Kepler vs Xeon Phi: our benchmark [source code included]
By   |  December 27, 2013

The latency-bound problem

To evaluate our accelerators in this dimension, we chose to use an accessor to a lookup table, as lookups are not necessarily predictable by compiler and/or hardware. We kept the number of iterations small, in order to demonstrate latency in the read operations. Note that the index to the lookup table is the same for any number of entries, leading to a natural vectorization axis. For each product, we used the best possible size given the minimal work distribution. The pseudo-code is given in listing 3.

Three Kepler K20X implementations are provided:

1 – Naïve.

2 – Swapping the two loops.

3 – Using __ldg and processing entries by groups of eight.

Two Xeon Phi SE10P implementations are provided:

1 – Naïve.

2 – Intrinsic-based, with the loading of a complete 512-bit vector for each iteration.

The figures below highlight performance per problem size in achieved read bandwidth for the main array. Remark that Phi’s naïve implementation barely reaches 20 GB/s, a figure close to what could be reached by plain CPU setups. On the contrary, memory bandwidth in K20X is available even for smaller problem sizes.

Fig. 3.A – Kepler’s SMXes being able to manage up to 8 blocks simultaneously, they can be viewed as hyper-threaded cores with 8 threads by core. That is why we used several problem sizes for our three implementations.

Fig. 3.B – Xeon Phi cores being able to run up to 4 threads simultaneously, we also used several problem sizes according to the hardware specs of the accelerator. Sharp dips can be remarked in the curves, for which we have no explanation.

Revisiting flops/memops

At the beginning of this article, Table 3 presented a comparison of performance figures based on the vendors’ official specs. The figures induced a flops/memops indicator that could be used to figure out whether an algorithm is compute- or memory-bound. Following our evaluation, it seemed pertinent to propose the same table again (Table 6 below) based on measured results.
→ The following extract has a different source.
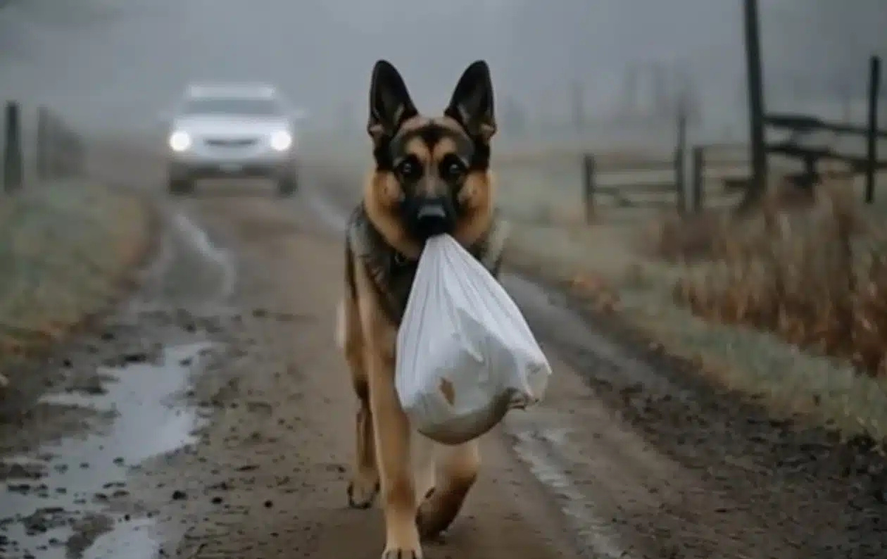 Μια γυναίκα παρατήρησε έναν Γερμανικό Ποιμενικό να περπατάει στον δρόμο κρατώντας μια λευκή σακούλα στο στόμα του· ξαφνικά ένα αυτοκίνητο σταμάτησε δίπλα και ο οδηγός πήρε τη σακούλα από τον σκύλο και έπειτα έφυγε.

Table 6 – Flops / memops ratios necessary to qualify a problem as compute-bound. The numbers are based on measured results and should be compared to those based on the vendors’ hardware specifications (between parentheses).

These results call for a few comments. First, the bandwidths we achieved are clearly lower than the theoretical ones. Is anyone surprised? Secondly, the advertised Gflops are not necessarily available, and counting fused multiply-adds as single flops seems more relevant when counting flops, since many algorithms do not map trivially on such operations. Last, the memory/compute ratios remain very high (and roughly similar in SP and DP): we need up to 35 floating-point operations per memory operation to be compute-bound. Regarding this particular point, take into account that if transcendental functions are to be used, algorithms might be compute-bound with Xeon Phi and memory-bound with Kepler.
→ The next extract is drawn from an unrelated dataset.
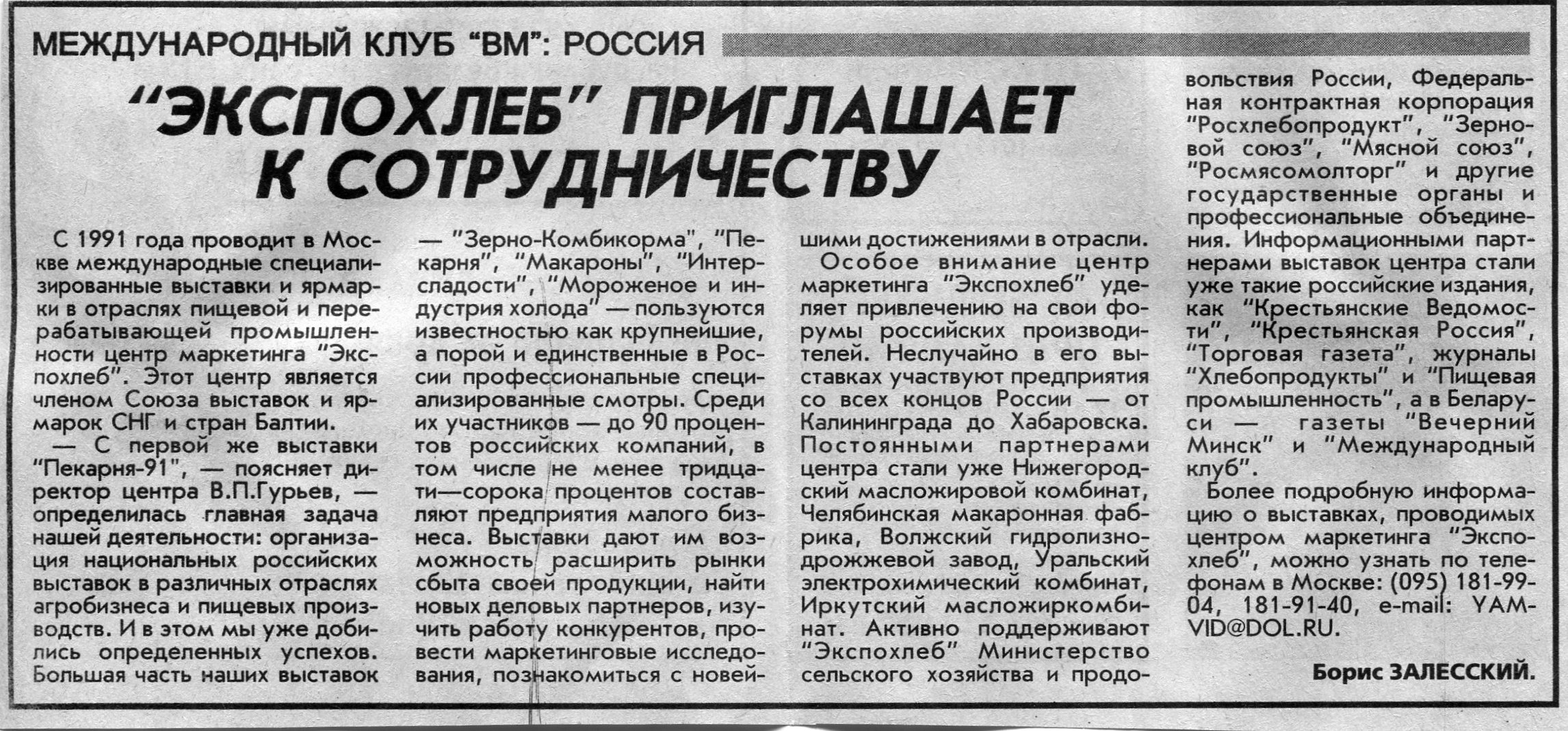 Залесский, Б. "Экспохлеб" приглашает к сотрудничеству / Б. Залесский // Вечерний Минск. - 1999. - 2 июн.

EXCLUSIVE : Download the complete benchmark source code!

[Technical notes]

Several coding techniques have been discussed relating to the different implementations of our evaluation procedures. We thought it appropriate to clarify a few points about them.

• Vectorization – Changing an arithmetic operation on a scalar value into the same operation on a vector (fixed-size, preferably small) requires a complete refactoring of the algorithm and some additional branching management. The impact on code generation is heavy and performance of the generated code is highly dependent on the micro-library that makes use of intrinsics. Note that the effort has proved beneficial on both platforms. It should be worth your time on regular CPUs as well, especially when using AVX.
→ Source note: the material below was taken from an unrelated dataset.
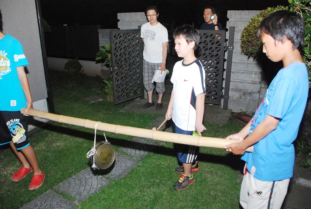 これは、数え年の13歳か14歳の男子が「子の刻」〔午前零時〕に鉦(かね)と数珠を持ち、地区内の家をまわって無病息災を祈りながら鉦を叩いて鳴らすもの。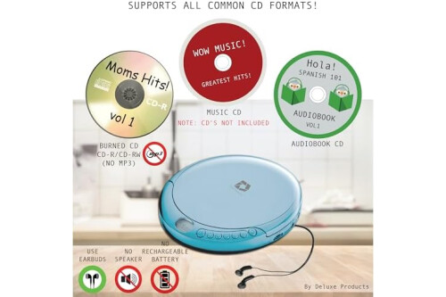 Plays All Formats - The Portable CD Player is easy to use and plays back your favourite Music CD, CD Audio books, Kids CD Disc, Recordable CDs CD-R, or ReWritable CDs CD-RW. NOTE: Does not support the MP3 CD's

• Alignment – “Alignment” here stands for pointer dereferencing alignment. Memory should only be accessed by patterns of a certain size and at certain offsets. Enforcing alignment or “striding” is easy with small synthetic examples but often quite harder with real-life cases, especially when array indices derive from a complex computation. Our experiments showed that dynamically testing alignment with K20X comes at a reasonable expense. So does the use of gathers instead of aligned loads with Phi SE10P.

• Read-only assertion – When accessing memory, some assumptions can be made, for example that no other entity involved in the execution of the function/kernel will modify the data. In general, automating this assertion can easily be hinted by the programmer.